You should also give the inside of your car a thorough vacuuming and dig out all the pennies, pen caps, lost buttons, and furry forgotten breath mints—anything that could be choking hazards when your baby reaches the “put-everything-in-my-mouth” stage. Consider sunshades for the rear windows if you live in an area that routinely receives strong rays. Clean out your garage, and ensure that you’ve properly disposed of or locked up any hazardous or toxic substances. Test your garage door safety sensor to make sure it kicks in to stop the door from closing if something small comes between the door and the floor. Pack away and lock up tools, batteries, bikes, and anything that looks fun to climb on, pull, push, or grab. Lastly, make sure the door into the house has a lock.
Room by Room
One way to approach babyproofing inside the house is to go room by room, imagining a baby’s-eye view. When you look at a room through the eyes of a crawling baby, you’ll notice all kinds of things that could be very interesting—and very dangerous. Certain hazards may be present in every room: electrical outlets, window blinds with cords, possibly poisonous houseplants, and floor lamps that could easily topple over. In the living room, be mindful of securing bookcases and televisions. They can kill small children if they fall. If you have area rugs, make sure they have nonslip pads. If you have any liquor in the house, put it out of reach and lock it up. Screen off fireplaces and hide the key for heaths that use gas logs. Take a critical look at mantelpieces and knickknack shelves, and remove any items that could fall. Install gates at the top and bottom of all staircases.
Spend a lot of time in the kitchen and bathrooms, putting latches and locks on drawers and cabinets, especially those that contain cleaning substances and medicines.
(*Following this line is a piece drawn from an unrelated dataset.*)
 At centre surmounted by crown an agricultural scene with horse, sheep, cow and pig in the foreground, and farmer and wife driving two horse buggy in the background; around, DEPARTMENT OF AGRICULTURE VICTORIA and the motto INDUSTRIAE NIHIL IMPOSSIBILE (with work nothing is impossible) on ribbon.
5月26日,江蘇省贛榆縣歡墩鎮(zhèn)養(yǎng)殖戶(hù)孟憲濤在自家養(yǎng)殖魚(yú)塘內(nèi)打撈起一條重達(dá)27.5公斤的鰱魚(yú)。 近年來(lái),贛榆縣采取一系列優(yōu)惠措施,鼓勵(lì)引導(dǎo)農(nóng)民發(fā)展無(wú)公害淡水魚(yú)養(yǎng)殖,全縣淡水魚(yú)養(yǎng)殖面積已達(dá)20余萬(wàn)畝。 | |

Unplug and store any appliances not in use, from coffee makers and blenders to curling irons and hair dryers. Get a toilet latch to keep your bowl from turning into a drowning hazard.
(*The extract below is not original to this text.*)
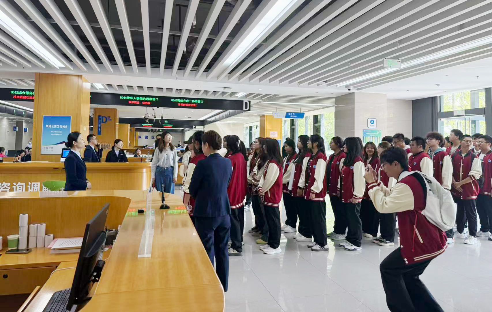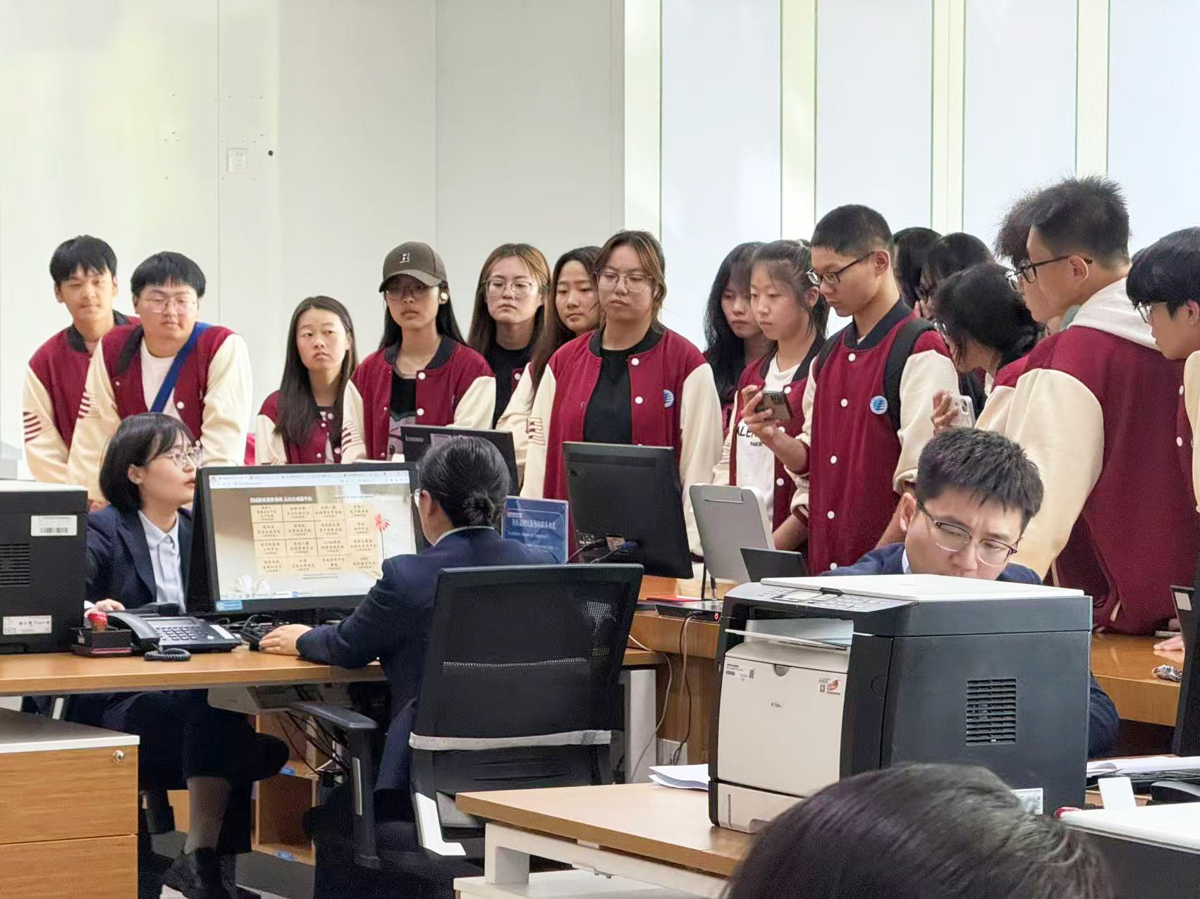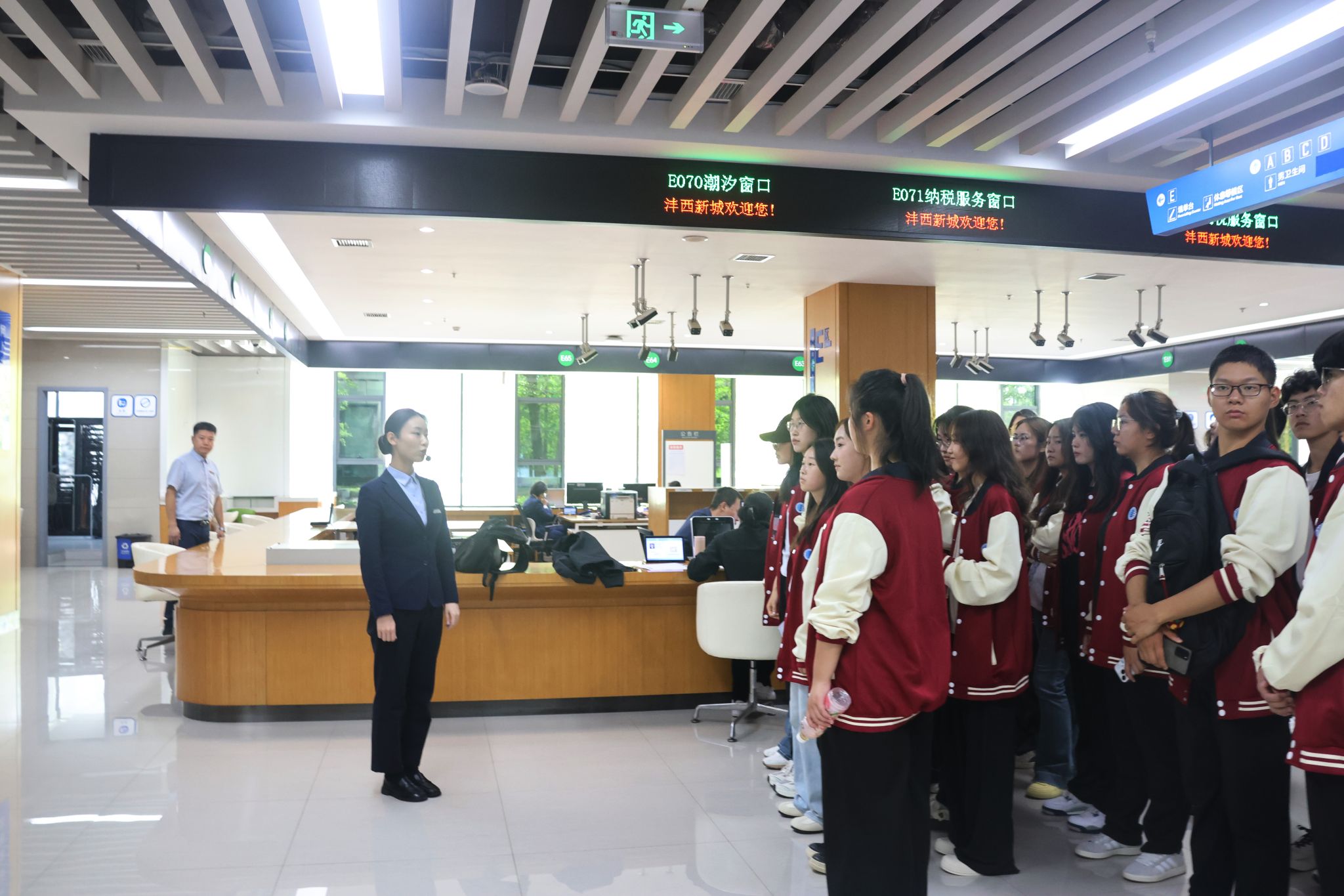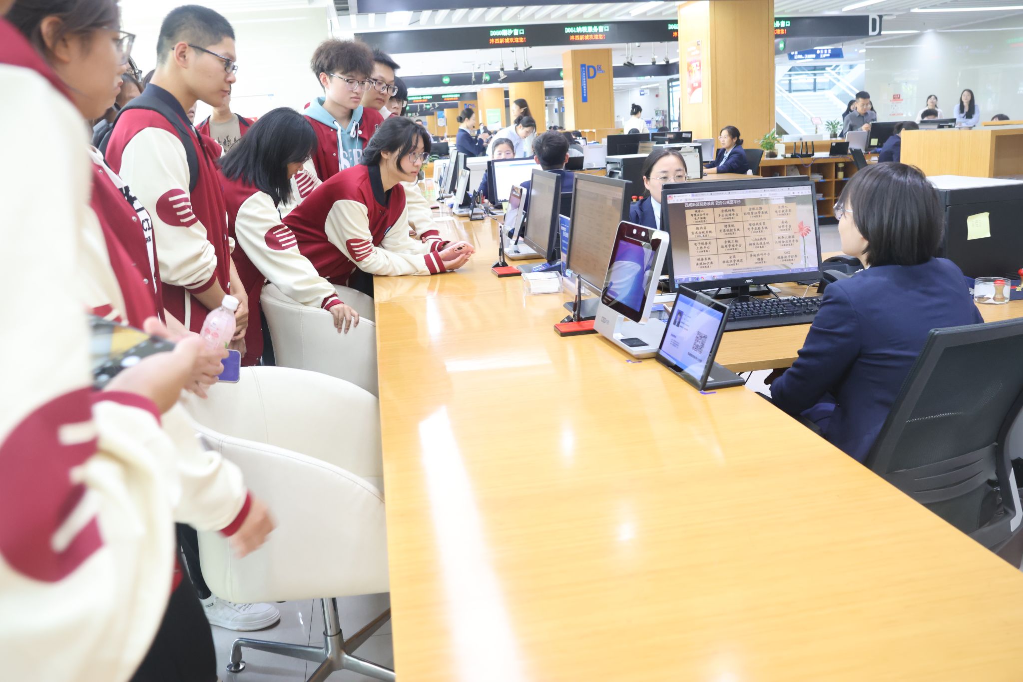 实习过程中,工作人员首先带领同学们参观了政务大厅与各业务服务部门以及涉税相关机器设备。接着从线下窗口的办税流程演示,到线上缴税平台、金税系统的操作讲解,再到各部门职能分工的细致介绍,工作人员以真实工作场景为依托,将抽象的税收工作转化为直观可感的体验,让同学们跳出课本,真切感受到税务工作的严谨性与实操性,对税务局各职能部门工作、办税终端系统、征纳互动服务建立起初步认知。

In the nursery, store changing supplies close to the changing table so that you never have to take your eyes off the baby while reaching for a wipe. Nursery dressers present the same types of falling hazards as bookcases and televisions. Choose nursery furniture with safety features such as drawers that won’t pull all the way out, and make sure your crib complies with all safety regulations. Never put bumpers, toys, pillows, or blankets in the crib with the baby.
More General Safety Tips
- Keep fire extinguishers out of baby’s reach
- Make first aid kits accessible to you but not to the baby
- Install a gauge or guard for the water heater to prevent scalding temperatures
- Use nontoxic, lead-free paint on the walls
- Program emergency numbers into your phone that you can dial even when the phone is locked
- Have a way to charge your phone if the power goes out
- Buy an emergency beacon or lighting to ensure first responders can find your house
- Get corner pads for the walls, pad low coffee tables, and cushion hard or sharp protrusions on furniture
- Make sure each level of the home has functioning smoke and carbon monoxide detectors
When a baby is on the way, leave no stone unturned in completing this babyproofing checklist before the baby can crawl—preferably well before the baby arrives in the first place. When a new baby comes home, your parental eyes will begin to see the hazards you never thought about before. Anything sharp, heavy, electrical, corded, toxic, or breakable will jump out at you as a danger to remedy as soon as possible.
At Milk Snob, we know a lot about versatile car seat and nursing covers, but we don’t claim to know everything about babyproofing your home. Be sure to check with your pediatrician and with respected child safety organizations to ensure you’ve neutralized or removed all the possible hazards in your home so that you can spend time enjoying your amazing new addition to the family.